Sunday 12 August 2007

On Books That Challenge You







I was in a bit of a reading rut, recently. You know when that happens, it's like you can't concentrate, you really want to read but you're intensely bored etc. So anyway, I started reading The Poisonwood Bible by Barbara Kingsolver (thanks Uncle Geoff!) and The Reluctant Fundamentalist by Moshin Hamid and have now finished both. It's unforgivable to descend to banal platitudes when talking about great books and literature, but oh my God! They were amazing. Please drop whatever you're doing, scrape together your last pennies and go out and buy these books. The Reluctant Fundamentalist, I'm proud to announce has made it onto the Booker Longlist. I haven't read Gifted by Nikita lalwani yet, which is the other Penguin title on the list so I'm not sure exactly which one I'll be rooting for, but it will definately be one of those. I know The Grumpy Old Bookman isn't overly enamoured of these literary prizes, and neither was I for a while, but I really feel Hamid's book deserves some major recognition.


Anyway, back to Kingsolver and Hamid. I think what I enjoyed most about their books is that they've done something different with first person narration. The prose was beautiful but not contrived, poetic without being ridiculous. Kingsolver narrated the story of the undoing of an American Baptist family in the Belgian Congo, by giving each of her characters their own unique voice with which to tell their story. The overall effect was of sitting round a table at some family's reconciliation meeting, getting their different perspectives on what they went through. Because each of them used their own lingo, and explained their thoughts and feelings, we got valuable insights into the character's motivations, which as I've mentioned before, is very important.

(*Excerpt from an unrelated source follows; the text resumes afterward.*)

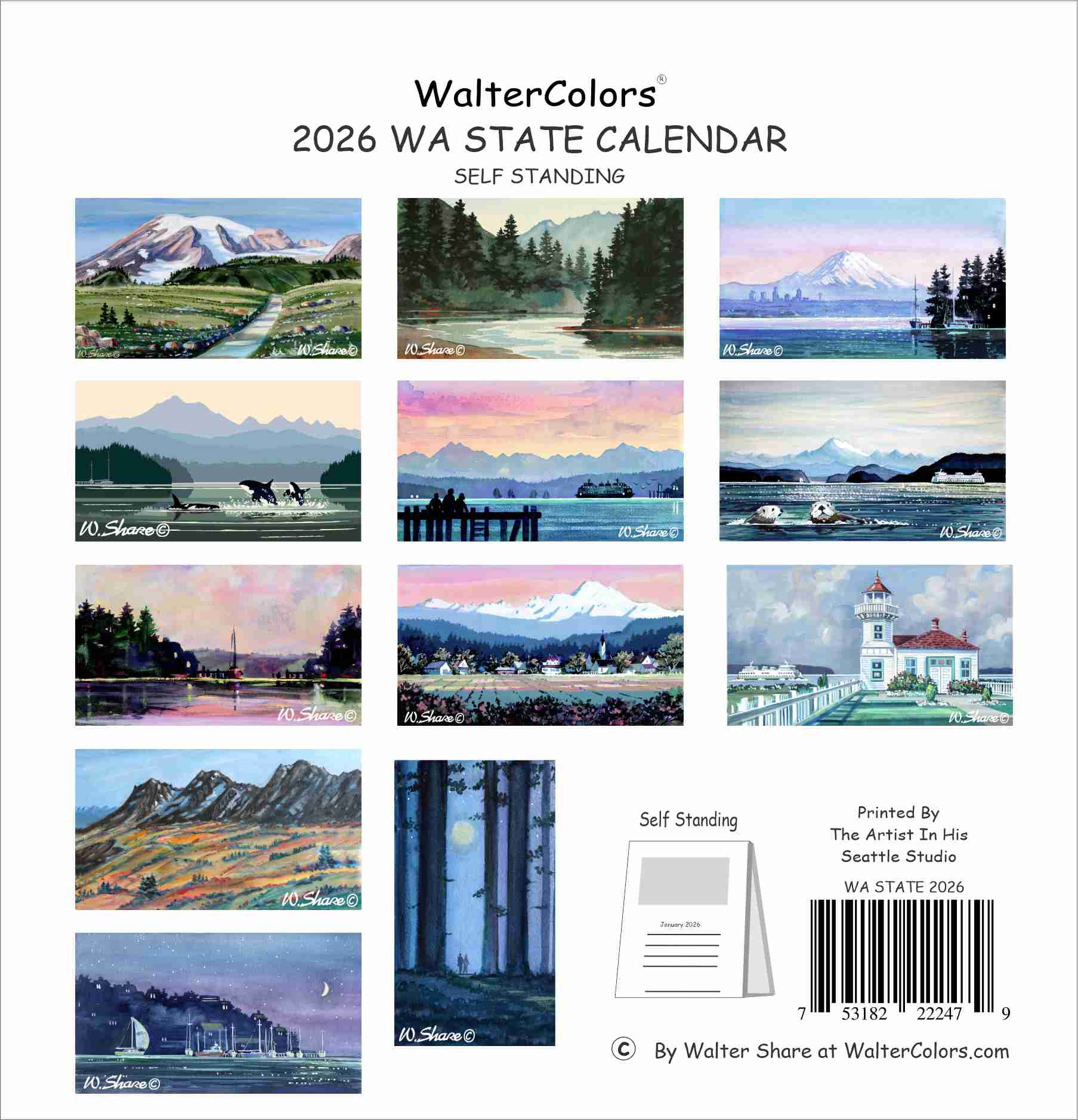 Washington State Desktop Calendars 2026 by Walter Share

Hamid's book appealed to me simply because I have a particular fondness for eavesdropping on stranger's conversations. I love sitting on the bus, in a restaurant, on a plane listening to what the people around me are talking about, how they're saying it and guessing at why they're saying it to whom they're saying it to. (You don't get to judge me, by the way!) So we see Changez, the protagonist sitting at dinner with someone, telling him about his life in America, how came to fall out of love with the country, or possibly, how the country fell out of love with him. It felt like I was sitting at the table next to them, listening. The setting is Lahore, the two are eating dinner, but at the same time, it's New York, because the stories of his youth (which he's telling) transport us back there with confidence, mastery, and a little bit of nostalgia. It's a brilliant twist at the end, when the talk turns to secret plots and conspiracies, that the unnamed dinner guest pops off Changez. Everything is implied of course, it's all very poetically done, but I felt awed and excited at the end at how it all worked together.


Another theme that ran through both books, was the concept of 'otherness' in societies; what constitutes it, what perpetuates it, whether it can be overcome, and if so, how. The Price family kids in The Poisinwood Bible were set apart from their peers at school because they were labelled the preacher's kids. In Kilanga, in the Belgian Congo, they were set apart because they were the only white family for miles around. The local people of Kilanga and the Prices found each other equally strange until they learnt to identify common factors in culture: love, respect, generosity, patience, and use those to guide their relationship. In The Reluctant Fundamentalist, Changez was one of a few non-white students in his class at Princeton. When he was headhunted by the valuation company Underwood Sam, there was him from Pakistan, and Wainwright, from Jamaica, both trying to navigate the balance between who they were as proud young men from elsewhere, and how that fitted into the cosmos of work life, New York, and America after September 11.


Both books, without making a song and dance about it, tackle what it means to be a stranger in societies other than one's own, how extended abscence from one's place of birth and prolonged residence as a foreigner changes one's perspectives, and by default, allocates psychological/emotional energy to seeking out exactly who one is, what one believes and why. In the light of how the world is today, the Global Village, for lack of a better term, things like this are worth thinking about, and not just in a token, flippant way.


On that note, I'd like ot hear what you all think about issues to do with diaspora, otherness, and culture, in whatever form they occur. Also, what role do you see books/literature/creative arts playing in such issues? Should they tackle those issues full on, as a stated premise, or should it be done more subtley?